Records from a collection
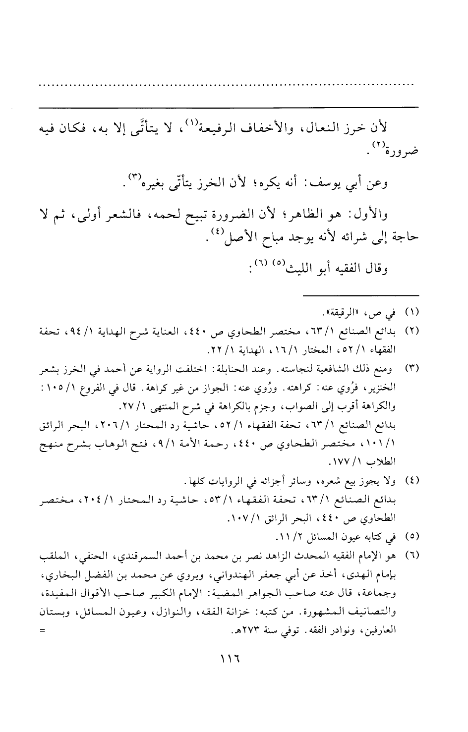 (¬٦) هو الإمام الفقيه المحدث الزاهد نصر بن محمد بن أحمد السمرقندي، الحنفي، الملقب بإمام الهدى، أخذ عن أبي جعفر الهندواني، ويروي عن محمد بن الفضل البخاري، وجماعة، قال عنه صاحب الجواهر المضية: الإمام الكبير صاحب الأقوال المفيدة، والتصانيف المشهورة. من كتبه: خزانة الفقه، والنوازل، وعيون المسائل، وبستان العارفين، ونوادر الفقه. توفي سنة ٢٧٣ هـ. =
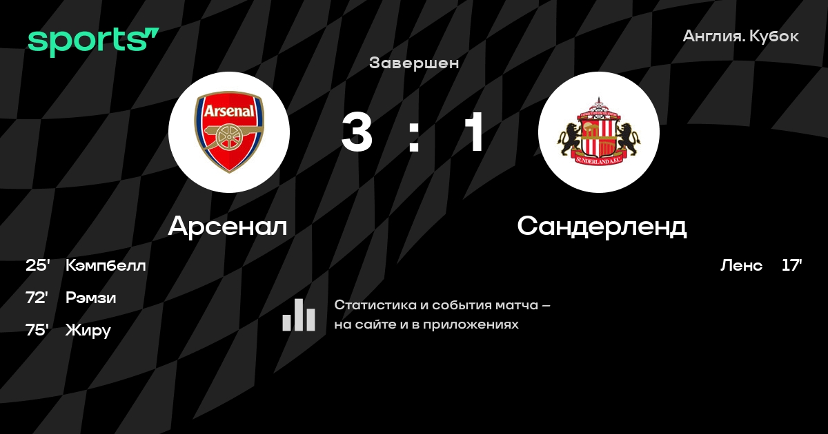 Чех - Гиббс, Косьельни, Габриэл Паулиста, Бельерин - Чемберс, Окслейд-Чемберлен, Уолкотт, Ивоби, Кэмпбелл - ЖируЗапасные: Мэйси, Дебюши, Уиллок, Рен-Аделаид, Рэмзи
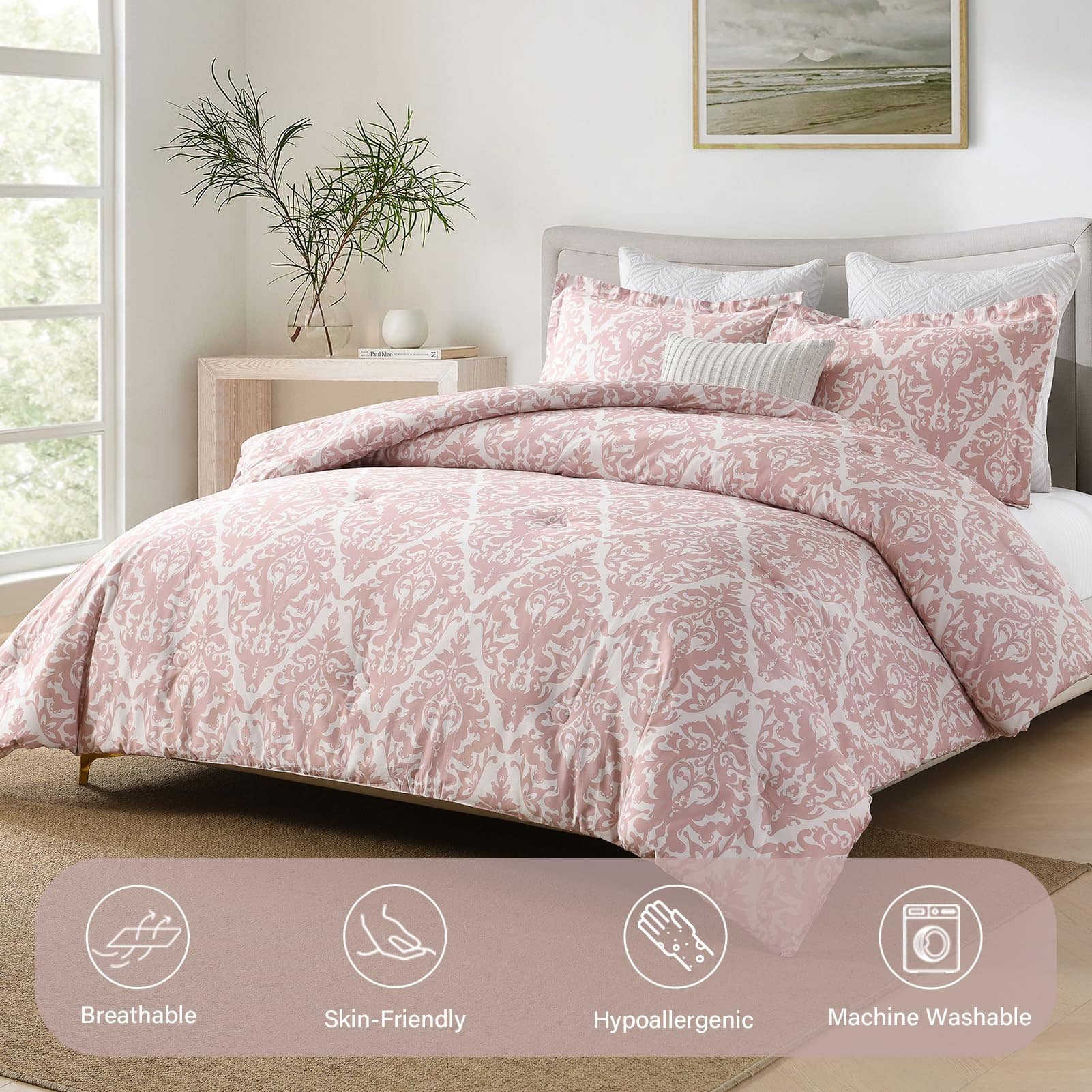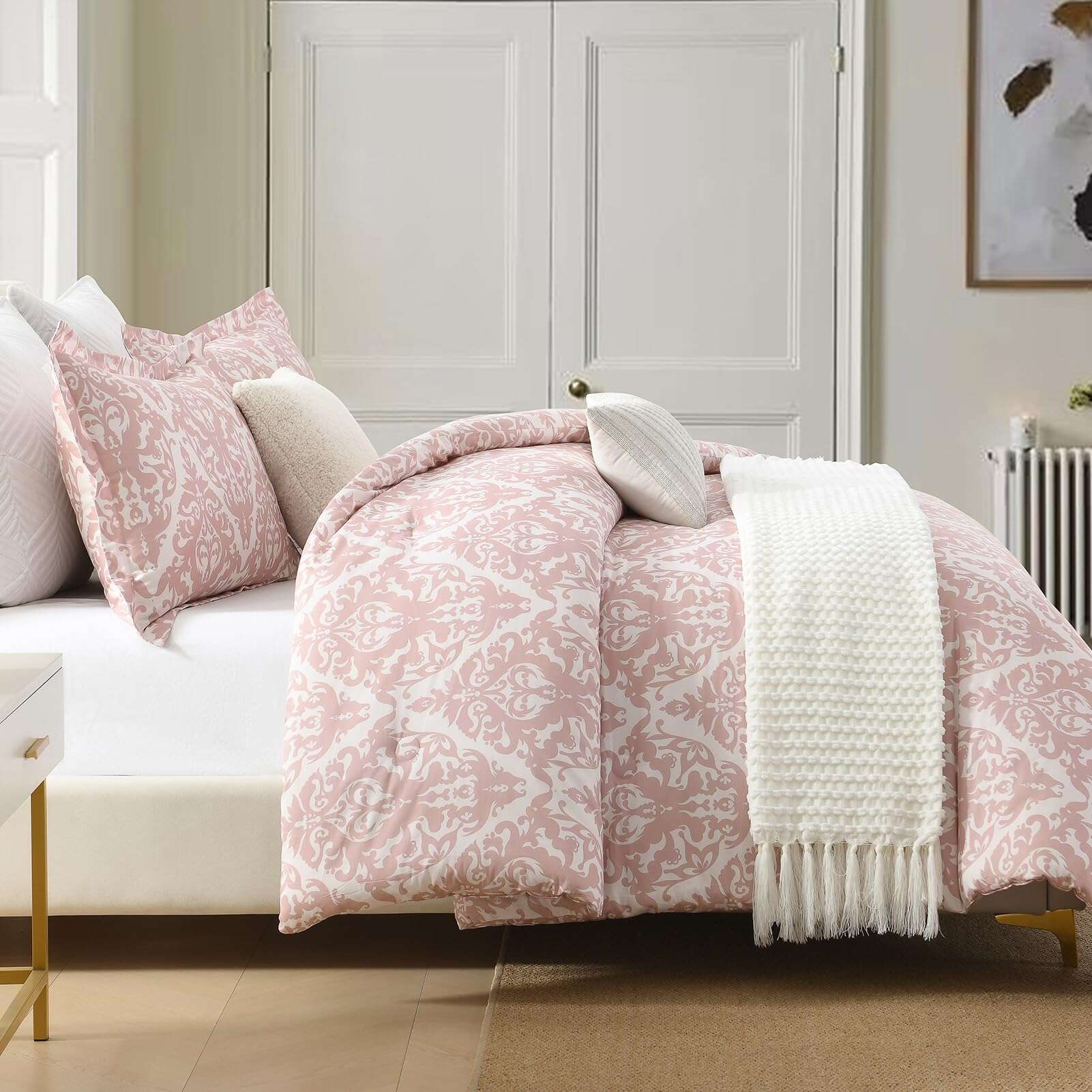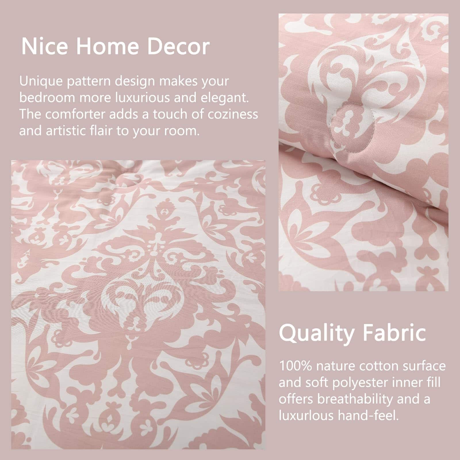 El Juego de Funda Nórdica Finlonte Damask Queen es la elección perfecta para aquellos que buscan comodidad y estilo en su dormitorio. Confeccionado con una suave superficie de algodón 100% de fibra larga y un relleno interno de poliéster, este conforter garantiza una suavidad excepcional y una comodidad tipo nube que te mantendrá acogedor durante todo el año. El diseño de color rosa y blanco de estilo damasco y paisley floral añade un toque único y lujoso a tu habitación, creando una atmósfera artística y elegante. Este juego de conforter de 3 piezas incluye un conforter Queen de 90″ x 90″ y dos fundas de almohada de 20″ x 26″ + 2″, ideal para vestir tu cama con elegancia. Además, el conforter está diseñado para un uso durante todo el año, manteniéndote abrigado en invierno y fresco en verano gracias a su diseño acolchado y sus costuras ajustadas que evitan que el relleno se desplace. Fácil de mantener, este juego de conforter es lavable a máquina y se seca rápidamente al sol, manteniéndose como nuevo. Además, está certificado Standard 100 por OEKO-TEX, lo que garantiza que cumple con los más altos estándares de seguridad y calidad.
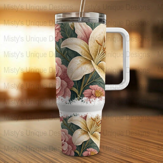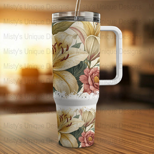 Vintage Floral 40oz Tumbler Wrap, Watercolor Lily and Peony Design, Elegant Flower Tumbler Cover, Botanical Art Tumbler Wrap
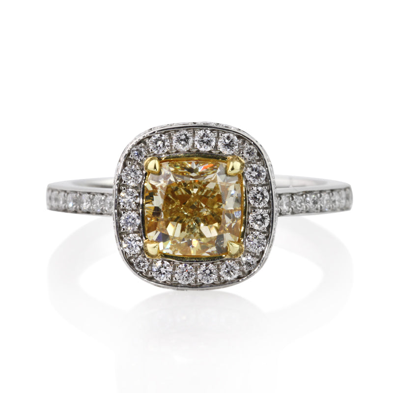 This gorgeous fancy yellow cushion cut diamond ring has such an awesome combination of quality, design and craftsmanship! The mesmerizing 1.51ct cushion cut diamond set in the center of this custom made platinum ring is GIA certified (one of the leaders in diamond grading) at Fancy Yellow VS2. It has a rich and beautiful fancy yellow color and it is very clear! The cut is gorgeous and it sparkles tremendously! It is accented by a halo of round diamonds set around it in a pave setting. The sides of the halo are also set with a row of round diamonds. The shank features a row of round diamonds set three quarters of the way down the shank in a pave setting as well. The very unique and beautiful center basket features an 18K yellow gold basket that is hand engraved to perfection. We also added hand made filigree accents in the basket with round diamonds studded around them for an added touch of beauty! You will be in awe when you see this exceptional piece in person!

• [DIRECTIONS FOR THIS TASK] An exact copy is required of the lines from the start of the records above through the line with "Чех - Гиббс, Косьельни, Габриэл", and only those, without any pictures.

• [SOLUTION TO THE PROBLEM]
 (¬٦) هو الإمام الفقيه المحدث الزاهد نصر بن محمد بن أحمد السمرقندي، الحنفي، الملقب بإمام الهدى، أخذ عن أبي جعفر الهندواني، ويروي عن محمد بن الفضل البخاري، وجماعة، قال عنه صاحب الجواهر المضية: الإمام الكبير صاحب الأقوال المفيدة، والتصانيف المشهورة. من كتبه: خزانة الفقه، والنوازل، وعيون المسائل، وبستان العارفين، ونوادر الفقه. توفي سنة ٢٧٣ هـ. =
 Чех - Гиббс, Косьельни, Габриэл Паулиста, Бельерин - Чемберс, Окслейд-Чемберлен, Уолкотт, Ивоби, Кэмпбелл - ЖируЗапасные: Мэйси, Дебюши, Уиллок, Рен-Аделаид, Рэмзи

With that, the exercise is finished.